Psychosis and the Scale of Consciousness

Published on August 28, 2016 under bipolar

I often refer to the scale of consciousness discovered by Dr. David Hawkins (google this!).  I find when I’m experiencing psychosis, I am all the way at the bottom, in shame and guilt.  I then get bombarded with all the associations in my brain that I should or could be ashamed about all mixed in together.  It’s like a crash course in self hatred.  No wonder at this point I must be kept safe from myself as I might end my life thinking this state will never end.  Luckily, it’s only transitory.  Usually when I leave the psych ward, I am dazed and confused, though I have the courage to go on.

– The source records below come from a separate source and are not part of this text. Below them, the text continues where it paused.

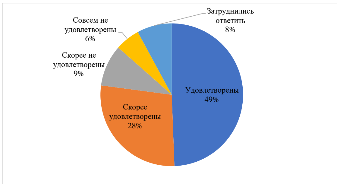
Рисунок 1 – Результаты опроса на вопрос удовлетворенностью работой среди трудоспособных инвалидов, в % [3]

Определяя причины того, почему трудоспособные инвалиды не удовлетворены свою работою, были получены следующие результаты опроса, продемонстрированные на графике (рис. 2).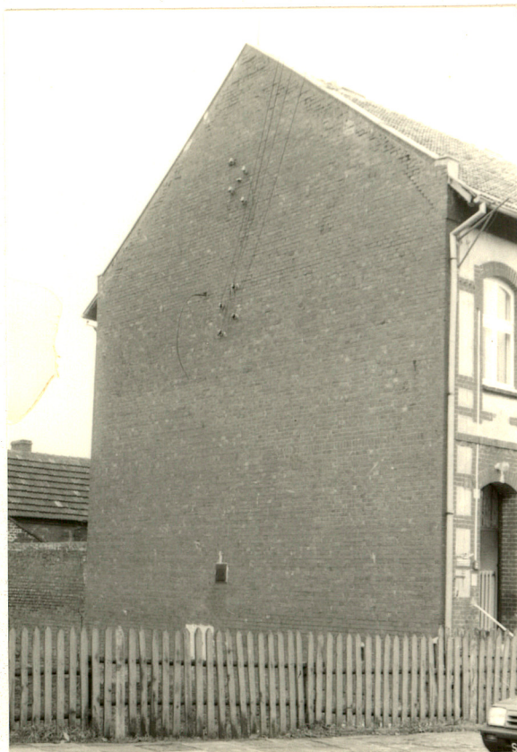
Elewacja boczna zach.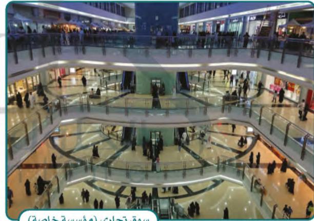
سوق تجاري (مؤسسة خاصة)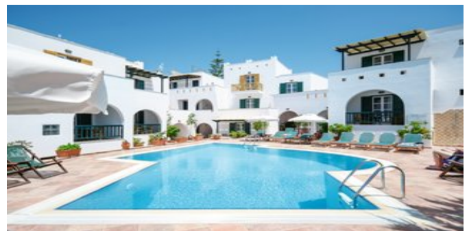
Das Hotel Spiros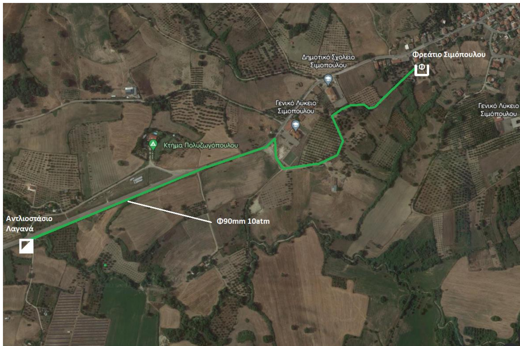
Εικόνα 2. Σύνδεση αντλιοστασίου Λαγανά με φρεάτιο Σιμόπουλου.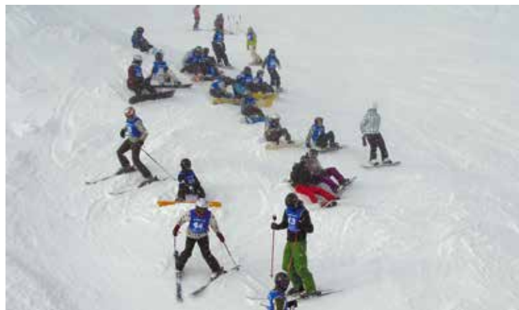
Skischule am Berg.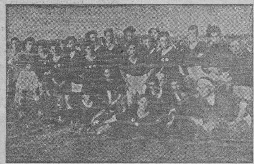
Equipos de Lugo y Pontevedra que ayer jugaron el partido eliminatorio del Campeonato de fútbol de Sector del Frente de Juventudes, para el trofeo del Caudillo. Venció el de Pontevedra por 7 a 2

Uno de los técnicos que asistieron al entrenamiento, manifestó: "El esfuerzo de nuestro equipo ha de ser grande, pero tengamos ya la certeza de su valor, puesto que el valor del adversario nadie lo pone en duda".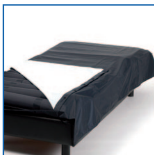
Funda en PVC impermeable y transpirable. De serie sólo para el modelo MAT X3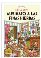
ASESINATO A LAS FINAS HIERBAS (COZY MYSTERY) DAVIS, KRISTA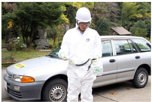
地上モニタリング活動（宝達志水町）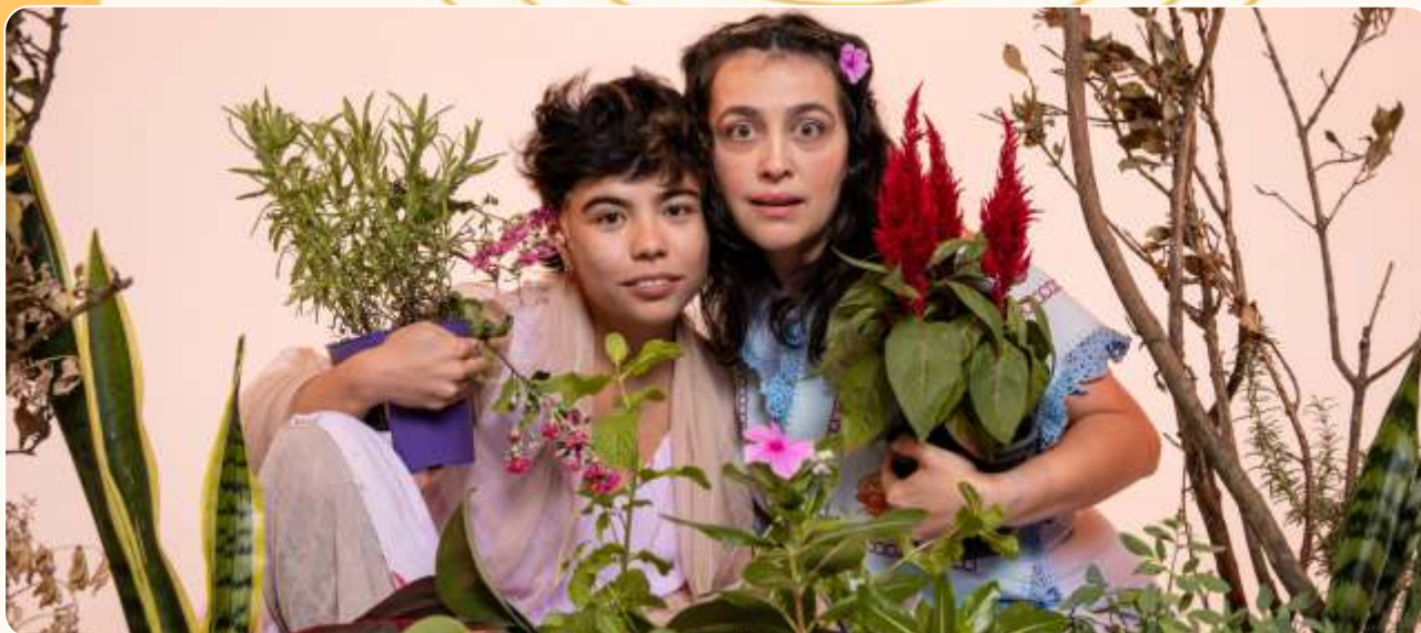
Histórias da Mata Calada

Curiously, just before I have an episode of psychosis, I am usually in a flow state of Joy and I feel close to Enlightenment, which is the highest point of the scale.  I wonder why I can be nearly enlightened, and then plummet down to shame so quickly.  Could it be that I can reach the “state” of enlightenment but I have not yet earned it as a “stage” (Ken Wilber says states are temporary and stages are earned).  For example, I could take a drug that would make me feel one with everything, but it’s not embedded in my daily life.  I can reach a peak state but it’s not a successive stage in spiritual developement.  So what is the difference between a state and earning a stage?  Why do I lose the state of Joy?  Why does it crash into terror, shame, guilt and confusion?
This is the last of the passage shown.